Data volume reduction
Evaluating Data Volume in ClickHouse
Download and execute the script to evaluate the volume of data in ClickHouse:
wget https://docs.mitigator.ru/collector/v24.10/maintenance/reduce_db/utilization.sql && \
docker-compose exec -T clickhouse clickhouse-client -mn < utilization.sql
Running this script may take a long time.
This script calculates the following metrics:
min_date
- the earliest timestamp in the database;flow_quantity
- the number of flow records stored in the database;single_flow_size
- the average size of one flow record in bytes;max_flow_size
- the maximum available volume for storing flow records in bytes;max_flow_quantity
- The maximum available number of flow records that can be stored in the database;max_flow_rate
- The observed maximum rate of writing flow records per second;avg_flow_rate
- The observed average rate of writing flow records per second;ttl_for_max_flow_rate
- the recommended time-to-live (TTL) for records at the observed maximum write rate;ttl_for_avg_flow_rate
- the recommended TTL for records at the observed average write rate.
Based on these calculated metrics, choose new data compression periods and record TTLs.
Parameter | Calculation Method | Default Value |
---|---|---|
First Compression Period | Desired period of working with operational data. Less than the recommended TTL at maximum write rate | 1 month |
Second Compression Period | 0.5 * Recommended TTL at average write rate | 6 months |
Record TTL | Recommended TTL at average write rate | 1 year |
Procedure for setting recompression and Time-to-Live periods
Evaluate the data volume in ClickHouse and choose new recompression and TTL periods.

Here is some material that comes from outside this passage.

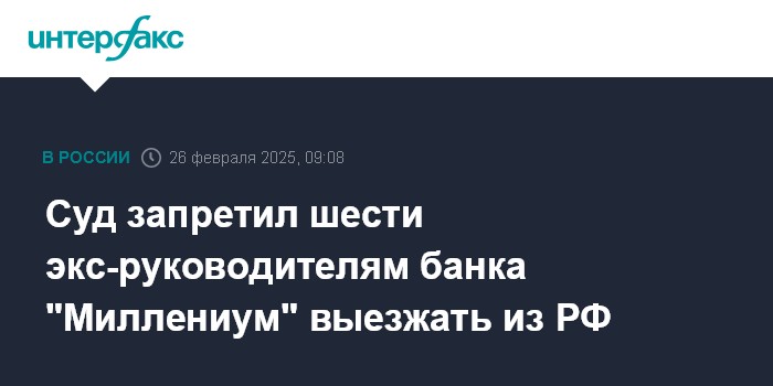 Москва. 26 февраля. INTERFAX.RU - Арбитражный суд Москвы 18 февраля по заявлению Агентства по страхованию вкладов (АСВ, конкурсный управляющий московского банка "Миллениум") запретил шести бывшим руководителям банка выезжать из России до полного исполнения решения суда о привлечении их к субсидиарной ответственности по обязательствам банка.

Check the number of flow records stored in the database does not exceed the maximum available number of flow records that can be stored in the database. If exceeded, manually remove old records.
Download the script for setting recompression and TTL periods:
wget https://docs.mitigator.ru/collector/v24.10/maintenance/reduce_db/volume_reduction.sql
Edit the script to specify new recompression and TTL periods for all tables.
Run the script:
docker-compose exec -T clickhouse clickhouse-client -mn < volume_reduction.sql
The new recompression and TTL periods will be applied within 4 hours. During application, there may be increased CPU load and disk usage. This will not affect processing of new data.
Manual data deletion in ClickHouse
To reduce the size of the database, you can delete old records by running the following commands:
docker-compose exec clickhouse clickhouse-client --query="ALTER TABLE collector.flows DELETE WHERE timestamp_sec < toUnixTimestamp('1970-01-01');" && \
docker-compose exec clickhouse clickhouse-client --query="ALTER TABLE collector.rate_metrics DELETE WHERE date < toDateTime('1970-01-01');" && \
docker-compose exec clickhouse clickhouse-client --query="ALTER TABLE collector.snmp_counters DELETE WHERE date < toDateTime('1970-01-01');"
where 1970-01-01
is the desired date.